Mutable Symbol Tables

The previous example showed how to use a symbol table as a fixed lookup table. What if we want to add things to the table during the parse? We can do that, but we need to do so within a semantic action. First, here is our symbol table, already with a single value in it:

bp::symbols<int> const symbols = {{"c", 8}};
assert(parse("c", symbols));

No surprise that it works to use the symbol table as a parser to parse the one string in the symbol table. Now, here's our parser:

auto const parser = (bp::char_ >> bp::int_)[add_symbol] >> symbols;

Here, we've attached the semantic action not to a simple parser like double_, but to the sequence parser (bp::char_ >> bp::int_). This sequence parser contains two parsers, each with its own attribute, so it produces two attributes as a tuple.

auto const add_symbol = [&symbols](auto & ctx) {
    using namespace bp::literals;
    // symbols::insert() requires a string, not a single character.
    char chars[2] = {_attr(ctx)[0_c], 0};
    symbols.insert(ctx, chars, _attr(ctx)[1_c]);
};

Inside the semantic action, we can get the first element of the attribute tuple using UDLs provided by Boost.Hana, and boost::hana::tuple::operator[](). The first attribute, from the char_, is _attr(ctx)[0_c], and the second, from the int_, is _attr(ctx)[1_c] (if boost::parser::tuple aliases to std::tuple, you'd use std::get or boost::parser::get instead). To add the symbol to the symbol table, we call insert().

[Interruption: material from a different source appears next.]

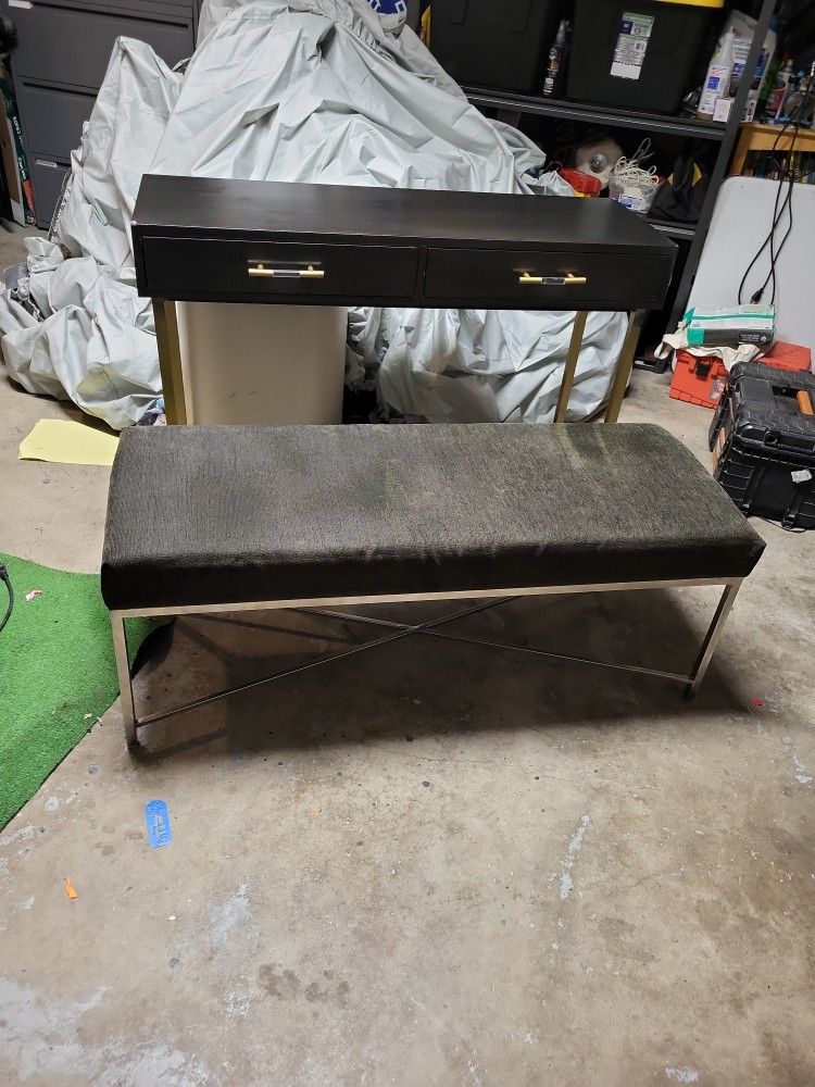 Vanity 16" deep 47 1/3 wide 33.5 tall Bench 49 wide 18" deep 19" tall Lightly used been in storage reconditioned Bought at Ross about a year a go then moved and never used Paid 135 for Bench 140 for vanity Open to reasonable offers !!
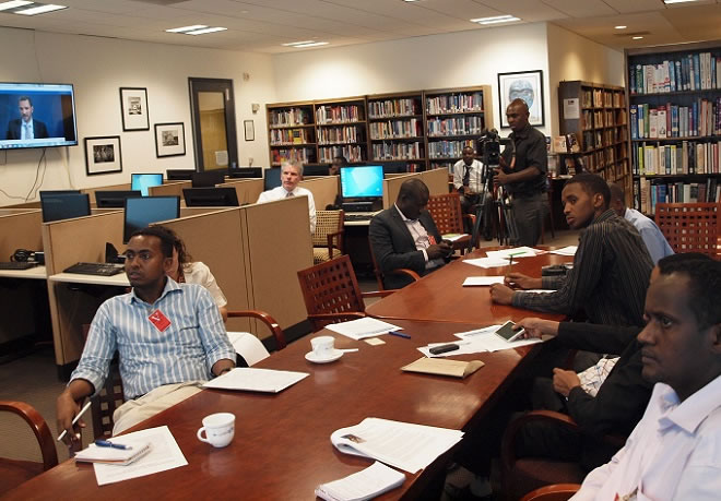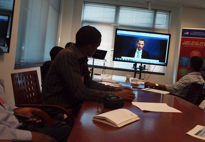 Shirkaas Jaraa’id ee Online-ka ahaa, ayaa Wariyayaasha Soomaaliyeed ee ku nool Dalka Kenya waxay oga qeyb galeen Safaarada Mareykanku uu ku leeyahay Magaalada Nairobi ee xarunta wadanka Kenya, iyadoona wariyayaal badan oo joogo wadamo kala duwan ay qadka internet-ka soo galeen; si ay u dhagaystaan isla markaana su’aalo u weydiiyaan labadaas masuul ee ka tirsan dowlada Mareykanka.

auto const parser = (bp::char_ >> bp::int_)[add_symbol] >> symbols;

During the parse, ("X", 9) is parsed and added to the symbol table. Then, the second 'X' is recognized by the symbol table parser. However:

assert(!parse("X", symbols));

If we parse again, we find that "X" did not stay in the symbol table. The fact that symbols was declared const might have given you a hint that this would happen. Also, notice that the call to insert() in the semantic action uses the parse context; that's where all the symbol table changes are stored during the parse.

The full program:

#include <boost/parser/parser.hpp>

#include <iostream>
#include <string>


namespace bp = boost::parser;

int main()
{
    bp::symbols<int> const symbols = {{"c", 8}};
    assert(parse("c", symbols));

    auto const add_symbol = [&symbols](auto & ctx) {
        using namespace bp::literals;
        // symbols::insert() requires a string, not a single character.
        char chars[2] = {_attr(ctx)[0_c], 0};
        symbols.insert(ctx, chars, _attr(ctx)[1_c]);
    };
    auto const parser = (bp::char_ >> bp::int_)[add_symbol] >> symbols;

    auto const result = parse("X 9 X", parser, bp::ws);
    assert(result && *result == 9);
    (void)result;

    assert(!parse("X", symbols));
}

Tip

	Tip
`symbols` also has a call operator that does exactly what `.insert_for_next_parse()` does. This allows you to chain additions with a convenient syntax, like this: symbols<int> roman_numerals; roman_numerals.insert_for_next_parse("I", 1)("V", 5)("X", 10);

symbols also has a call operator that does exactly what .insert_for_next_parse() does. This allows you to chain additions with a convenient syntax, like this:

symbols<int> roman_numerals;
roman_numerals.insert_for_next_parse("I", 1)("V", 5)("X", 10);

	Important
	`symbols` stores all its strings in UTF-32 internally. If you do Unicode or ASCII parsing, this will not matter to you at all. If you do non-Unicode parsing of a character encoding that is not a subset of Unicode (EBCDIC, for instance), it could cause problems. See the section on Unicode Support for more information.

It is possible to add symbols to a symbols permanently. To do so, you have to use a mutable symbols object s, and add the symbols by calling s.insert_for_next_parse(), instead of s.insert(). These two operations are orthogonal, so if you want to both add a symbol to the table for the current top-level parse, and leave it in the table for subsequent top-level parses, you need to call both functions.

It is also possible to erase a single entry from the symbol table, or to clear the symbol table entirely. Just as with insertion, there are versions of erase and clear for the current parse, and another that applies only to subsequent parses. The full set of operations can be found in the symbols API docs.